What is the least number which when divisible by 4, 6, 8 and 9 leaves zero remainder in each case but when divided by 13 leaves a remainder of 7?

Answer 1

Hint: First of all, divide this question into two parts to solve easily. In part 1 find the LCM of the numbers 4, 6, 8 and 9 to get the least number which is divisible by them and leaves 0 remainder. Next, in part 2 divide the obtained number with 13 and if it leaves a remainder of 7 then the obtained number also satisfies our second condition. So, we can say that that number is our required answer.

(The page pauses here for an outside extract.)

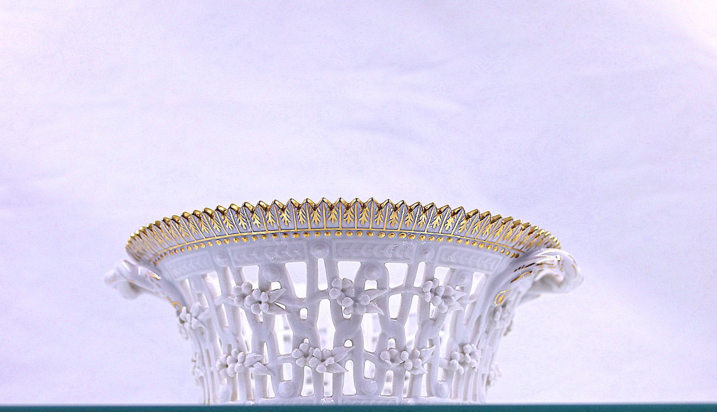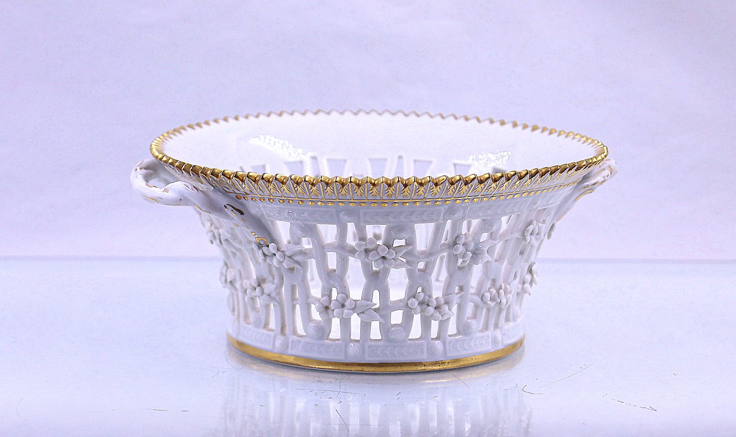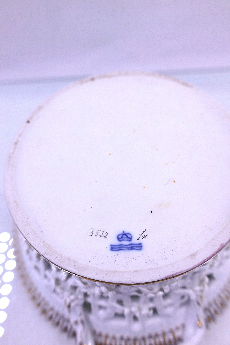 Royal Copenhagen. Flora Danica, nr. 3532. Skålen er hvid med guldkant. Frugtskål med gennembrudt kant. Blåbær blomster som dekor.

Complete step-by-step answer:
Since we are looking for the number that leaves 0 as remainder with 4, 6, 8 and 9, we are actually looking for the LCM (least common multiple) as a part 1.
So, consider
Multiples of 4 \[ = 2 \times 2\]
Multiples of 6 \[ = 2 \times 3\]
Multiples of 8 \[ = 2 \times 2 \times 2\]
Multiples of 9 \[ = 3 \times 3\]
Hence LCM of 4, 6, 8 and 9 \[ = 2 \times 2 \times 2 \times 3 \times 3 = 72\]
Now, if we check we have
\[
  72 \div 4 = 18{\text{ (0 remainder)}} \\
  72 \div 6 = 12{\text{ (0 remainder)}} \\
  72 \div 8 = 9{\text{ (0 remainder)}} \\
  72 \div 9 = 8{\text{ (0 remainder)}} \\
\]
The next part is to ensure that there's a remainder of 7 (with that number) when we divide it with 13.
Incidentally 72 leaves remainder of 7, when divided by 13, which is given by
\[72 \div 13 = 13 \times 5 + 7{\text{ (7 remainder)}}\]
Therefore, the least number which when divided by 4, 6, 8 and 9 leaves zero remainder, and when divided by 13 leaves a remainder of 7 is 72.

Note: The LCM (least common multiple) of two or more numbers is the smallest number that is evenly divisible by all numbers in the set. Here we have used a prime factorization method to find the LCM of the numbers 4, 6, 8 and 9.